IV. Vorstellung einzelner Stationen
Es ist sehr motivationsfördernd einzelne
Stationskisten zu öffnen, um die Schüler einen Blick auf das
Material werfen zu lassen. Die Aufmerksamkeit richtet sich dadurch schon
zu Beginn auf das Material. An dieser Stelle sollte auch auf ein im Kistendeckel
aufgeklebtes Blatt verwiesen werden, dass genau abbildet, wo sich welche
Materialien in der Kiste befinden. Dieses Blatt dient als Stütze beim
Einräumen der Materialien in die Kisten und gewährleistet, dass
alle Arbeitsgruppen die einzelnen Stationen geordnet antreffen. Außerdem
sollte der Lehrende kurz auf die beigefügten Aufgabenblätter
der einzelnen Stationen eingehen. Enthält der Lernzirkel sowohl Wahl-
als auch Pflichtstationen muss auf eine entsprechende Symbolik, die beide
Stationstypen unterscheidet, hingewiesen werden.
V. Umgangsregeln
Im Anschluss folgt die Erarbeitung der
Umgangsregeln im Klassenverband. Diese werden dann groß und deutlich
von den Schülern auf ein Plakat geschrieben. Das Plakat wird im Raum
deutlich sichtbar aufgehängt.
VI. Berichtsheft
Hier wird den Schülern erläutert,
was der Lehrende von der Anfertigung des Berichtsheftes erwartet. Es ist
sinnvoll dazu ein Merkblatt auszuteilen.
VII. Gruppeneinteilung
Abschließend erfolgt die Anweisung
an die Schüler, die einzelnen Arbeitsgruppen bis zur nächsten
Unterrichtsstunde einzuteilen und ein Berichtsheft anzulegen.
Durch diese Vorgehensweise wird die Spannung
auf die erst in einer Woche beginnende Lernzirkelarbeit erhöht und
Zielstrebigkeit erreicht. Es genügen dann in der Regel nur noch kurze
Hinweise, bevor die Lernzirkelarbeit wirklich beginnt und der Schrank aufgeschlossen
werden kann.
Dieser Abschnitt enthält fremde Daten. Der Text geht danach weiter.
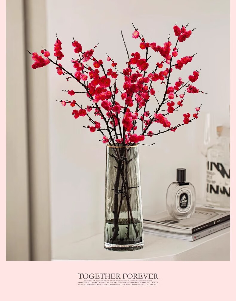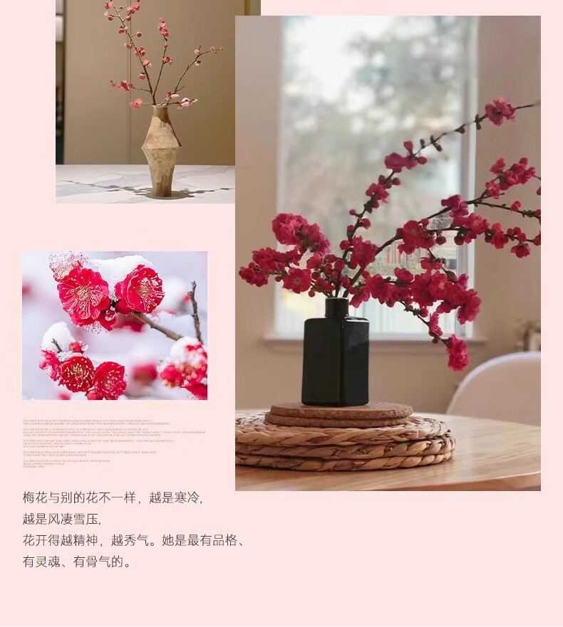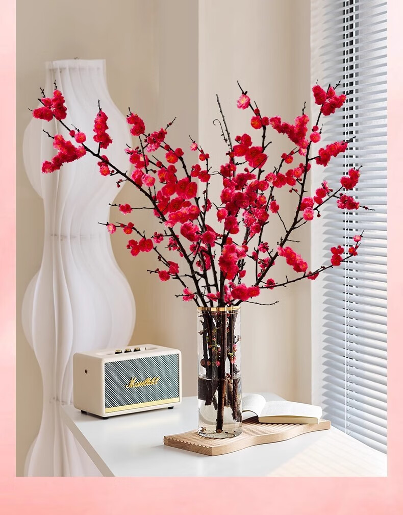 Hydroponic flowering, hydroponic fresh-cut red plum blossoms, indoor fragrant cold-resistant flowers, bloom when exposed to water, peach branches New Year's Eve flowers, fresh-cut red plum blossoms, long flowering period, with buds + #Buy 10 plus 10 (received 20) full bloom
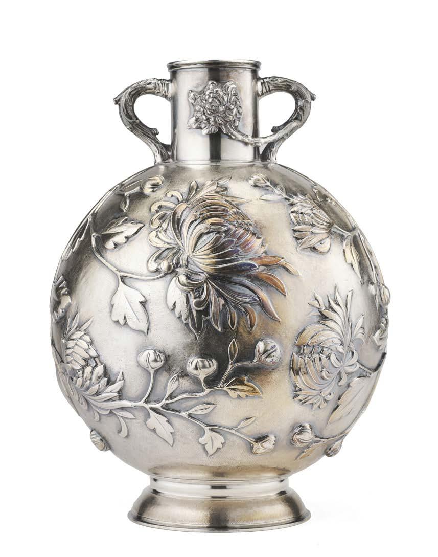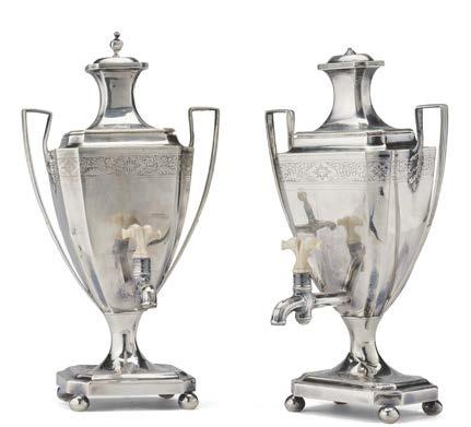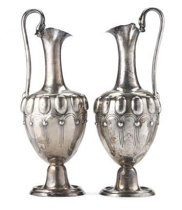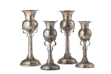 Due coppie di vasi Art Nouveau in argento, appesantiti. Città di Shef eld, 1904. Argentiere Walker & Hall (g lordi 1500) (h. max cm 25,5) (difetti)
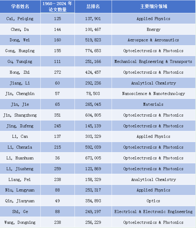 我校王樂教授等34位學者入選“年度科學影響力排行榜”,榜單較上一年度增加6位,主要分布在光學工程、信息科學與工程、材料科學與工程等學科。在34位學者當中,徐鵬教授等6位學者入選“終身科學影響力排行榜”,主要分布在光學工程、材料科學與工程等學科。
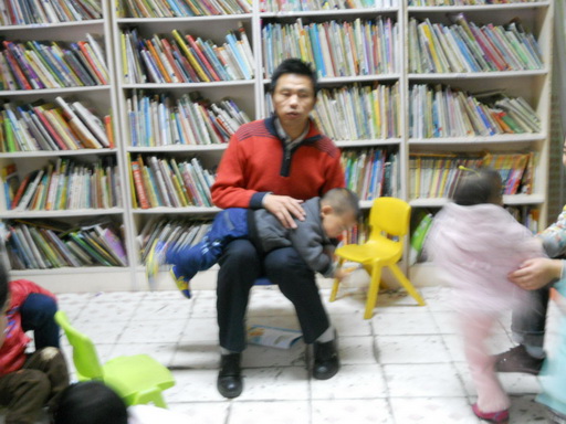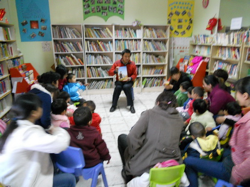 接下来是讲故事环节了。今天要讲的故事是《爷爷一定有办法》。棉花糖叔叔拿到书的时候同小朋友们介绍这是爷爷,这是约瑟,便有小朋友们不由自主的上前去给大家指哪个是爷爷,哪个是约瑟。随后棉花糖叔叔当翻开扉页的时候,大家看到了那块蓝色的布,可是当时大家都没有意识到这是一块布,而大多数都说是天空上的星星。其中有一个穿粉衣服的小女孩居然在那里独自唱起来。这个绘本是那种重复性语言的绘本,侧重于小约瑟的“不要扔、不要扔,爷爷一定有办法”,让大家明白爷爷的智慧和心灵手巧,后面还有一段“爷爷用剪子咔嚓咔嚓剪,用针缝过来,缝过去”是象声词和动作的结合,很有互动性,这两段都是可以让孩子们自己说出来的语句,经过棉花糖叔叔的提醒和启示,有小朋友和家长已能自己说出来,说明他们已经领悟并明白作者的意思了。另外,这虽然是一本书,却讲了两个故事,人类的一家和小老鼠的一家,分别出现在图的上下两层,棉花糖叔叔给小朋友们和家长提示了一下这个细节,鼓励他们自己借回去发现更多有趣的东西。
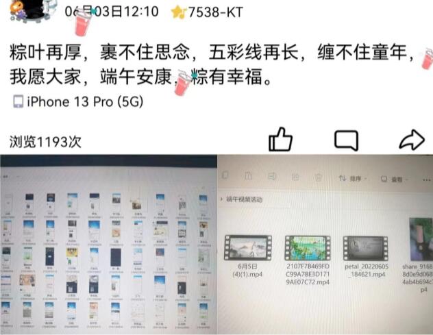 粽子飘香,端午佳节到身旁。农历五月初五端午节,是中华民族古老的传统节日之一,更是我国的特色文化。为了让同学们了解端午节的风俗习惯,增强传统节日的文化气息,提高同学们对中华传统节日的认同感。在端午来临之际,信息技术学院举办了“端午节线上云祝福”、“品味端午,传承文明”端午节摄影等活动。虽受疫情影响,师生之间无法齐聚一堂,但线上活动更加多元化、更富新意。端午活动中学生与老师共享欢乐、收获温暖。
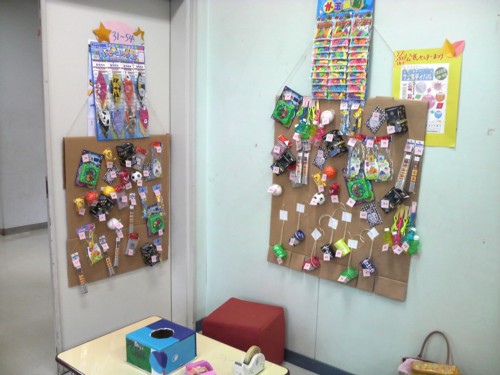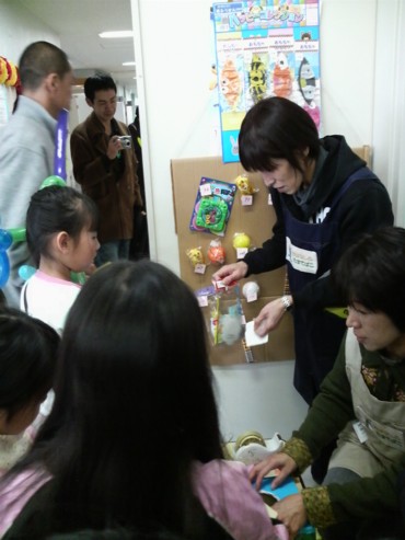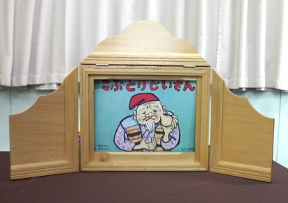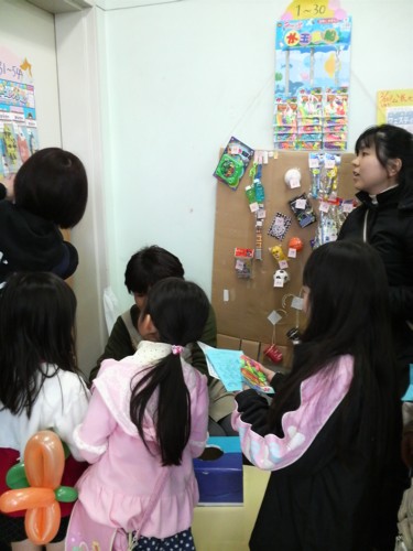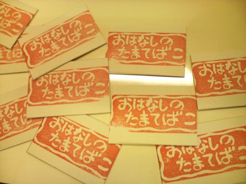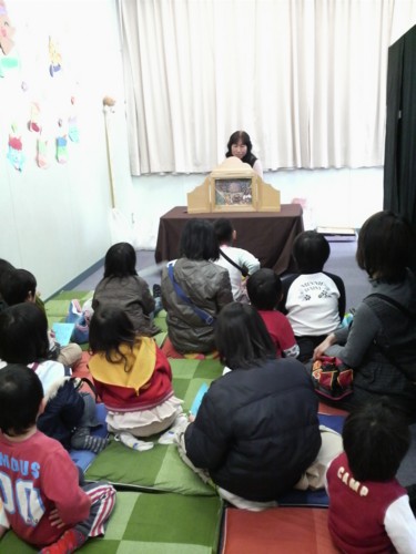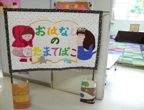 ★2月22日(日)に地区の公民センター祭りに、おはなしのたまてばこも参加しました。 テーマは『懐かしの紙芝居』 ★・・・と張り切って、近所の大工さんに拍子木まで作っていただいたのですが、みんな紙芝居を読むのは初めてに近いので、別の日に集まって読み聞かせ合いをしたり、時間を計ったり・・・。紙芝居の抜き加減や、抜いた絵をさりげなく枠に入れるのが難しかったですねー。 でも紙芝居って、枠の中に入るとすごく雰囲気が出ていい感じですね。 ★この際、以前から作ろうと思っていた、たまてばこの看板もがんばってみんなで作りました。 ★パッチワーク風のタペストリーになっています。これは、sumiとkobaの合作!やっぱり隠れた業を持つ人はすごいですね。助かりましたよー。 構想も10年越しなら、使われてる布もそのくらい眠っていた物のようで、とにかくメデタシかな!? ★懐かしの・・・ということで、おもちゃの景品もそろえました。 駄菓子は隣のコーナーでお菓子のつかみ取りをやるというので、たまてばこでは、おもちゃのくじ引きにしました。 ★sumiと一緒におもちゃや駄菓子の問屋さんに買い出しに行った時、あれもこれも欲しくて目移りしたあげく‘おとな買いー!!’とひとパックまるごと自分用のきな粉棒を買って喜んでいたのは私(もいもい)です^o^ ★お部屋に入る時、紙芝居が終わった後、おもちゃのくじ引き券と引替の入場券をもらいます。 これはもいもいさんが頑張って、消しゴムハンコで作ってくれました。 ちょっとレトロチックでいいですねぇ(^^) ★sumiとkobaに大作のタペストリーを任せて、私が作っていたのはこ・れ・だ・け! 当日の朝20分で出来ましたよ。「もいもいって、いっつもギリギリになってからやるよねー」とは、耳が痛いメンバーからのアドバイス?? ★おもちゃが目当てかどうか(^^;)大入りで盛況でした。 懐かしい~って言って、大人の方も見に来てくれたのはとても嬉しかったです。 ★座布団を敷き、隣との仕切りには黒い布をかけた狭めの空間は居心地が良かったみたいです。私たちも、合間の時間にはつい座ってしまいました。 素敵な出会いもありました。人形劇が好きな大人の方が、このイベントの紙芝居を見るためにわざわざ来てくれました。 もちろん!くじ引きも子供たちは大喜び。 4回の上演に何回足を運んでもいいので、お目当てのおもちゃを当てそこなった子は、何度も見に来てくれたりして(^^) 親の世代は紙芝居が懐かしいって思うんだけど、子供たちにとっては新鮮なのかな?? 4回の公演で大人子供合わせて90人ものお客さんが来てくれました。 失くしたくない日本の文化、次代に伝えたい郷愁。 読み聞かせとともに、真剣に取り組んでみたい課題です。 ・・・・・by moimoi & sumi PR

Die Gruppeneinteilung sollte dann aber geregelt sein. Die
Ankündigung zur Beendigung der Lernzirkelarbeit sollte etwa 5-10 Minuten
vor dem tatsächlichen Ende erfolgen, damit die Gruppen noch genügend
Zeit haben, um eine begonnene Arbeit abzuschließen und aufzuräumen
bzw. das Material auf Vollständigkeit prüfen zu können.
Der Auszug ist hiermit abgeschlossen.